Hairy tongue (darkening of the tongue) and darkening of stools, severe constipation
https ://howtodiscuss.com/t/keto-diet-a-carb-diet-trend-to-reduce-body-shape/6602. It is contraindicated
https ://howtodiscuss.com/t/pharmaceuticals/17444. in active bleeding
The mucosal protective agents forms a proctective layer over the gastric mucosal thereby protecting the ulcerated area. They also stimulates angiogenesis which speeds up the healing of the ulceration.
Drugs in this category are;
The antimicrobial agents works by eradicating the H.pylori from the guts.
The Antimicrobial agents eradicates the microorganism (H.pylori) that is triggering the ulceration .
Clinical administration of anti-ulcer therapy are grouped into;
- first line therapy (tripple therapy)
- second line therapy (quadruple therapy)
- third line therapy (rescue therapy).
The triple therapy consist of one PPI and two antimicrobial agents.

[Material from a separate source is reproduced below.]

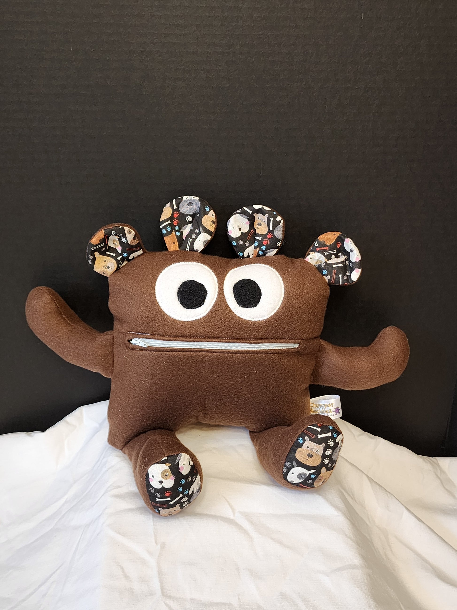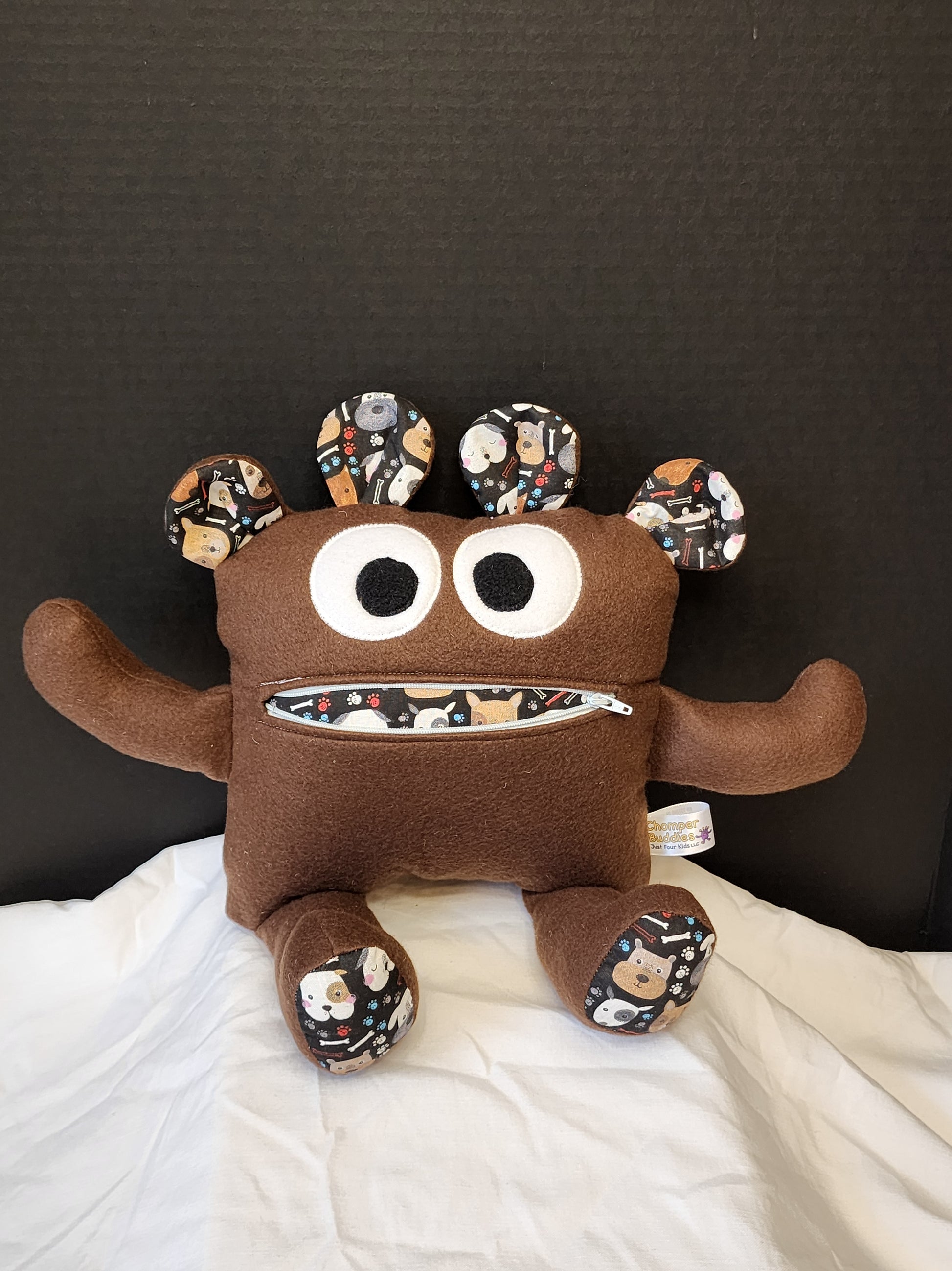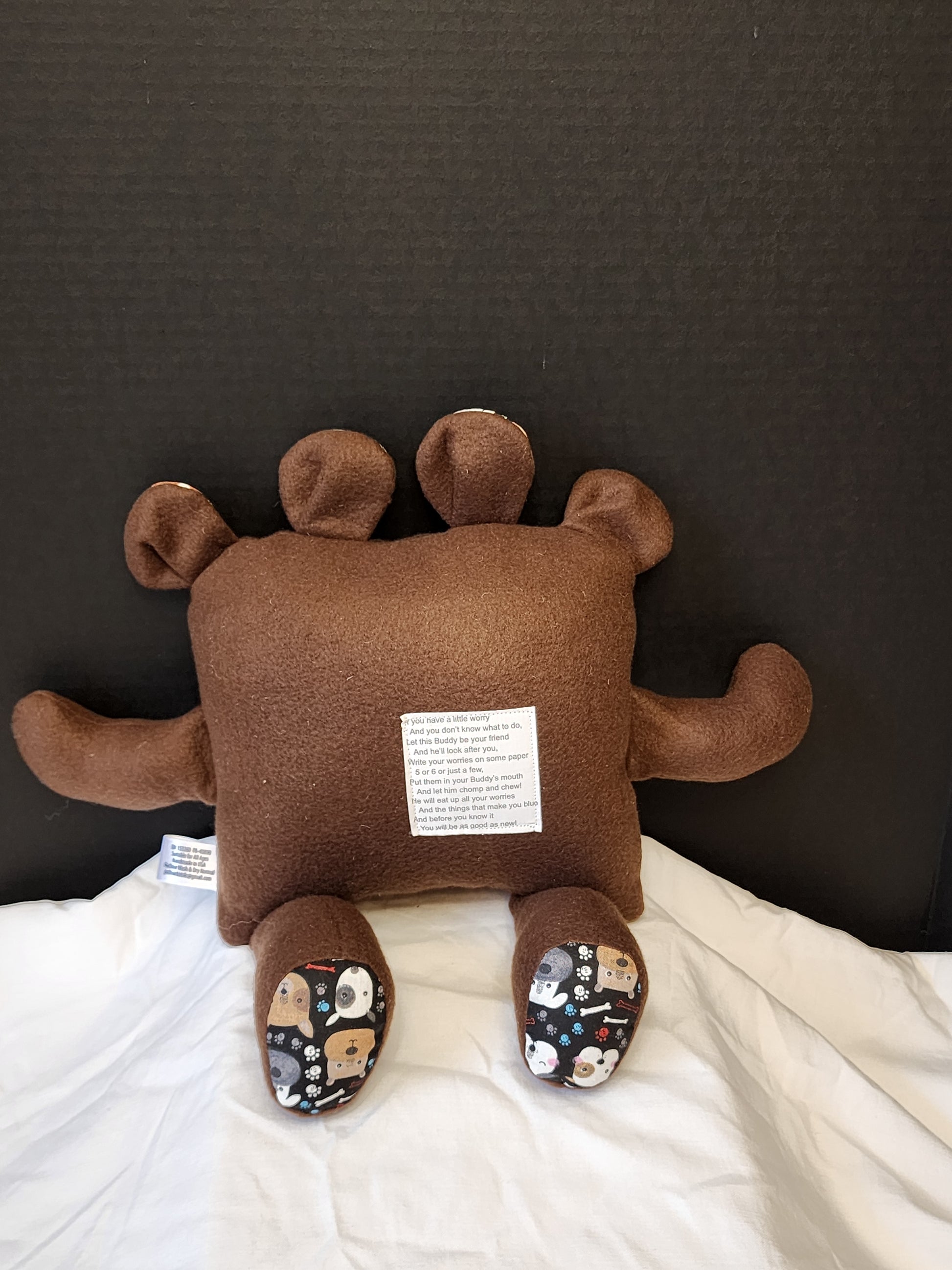 This custom, one-of-a-kind Chomper Buddy is brown fleece with dogs lining is ready to chomp any anxieties or worries away! Once you write or draw your worries on paper, you can feed your worries to the Chomper. Lose a tooth, put it in the Chompers mouth for the Tooth Fairy or even a Christmas list for Santa to take out of the zipper mouth. Perfect for all ages, it offers a plush and cozy feel with superior durability for tons of hugs and cuddles.

If the symptoms persist after treatment with the triple therapy…then the next line of action is to the quadruple therapy. It consists of* a PPI, bismuth subsalicylate and two antimicrobial agents.*
The third line or rescue therapy consist ofa PPI ( proton pump inhibitor), levofloxacin and an antimicrobial
https ://howtodiscuss.com/t/antibiotic/8734. agent.
Peptic ulcer is a chronic disease…for proper effectiveness, anti-ulcer drugs are usually given as a therapy consisting of combination of different categories of anti-ulcer drugs.
Why is my ulcer keeps reoccurring amidst treatment
Check out post on
https://howtodiscuss.com/t/peptic-ulcer-symptoms-pathophysiology-risk-factors-and-prophylaxis-preventative-measures/20171.and refractory ulcer.
Effective anti-ulcer therapies are usually a combination of the different classes of anti-ulcer drugs. a typical anti-ulcer regimen includes; a PPI, two Antimicrobial agents and or a bismuth subsalicylate.
Anti-ulcer therapy grouped into; first line therapy, second line therapy, and rescue therapy. These are usually administered sequentially following the efficacy of the one before it.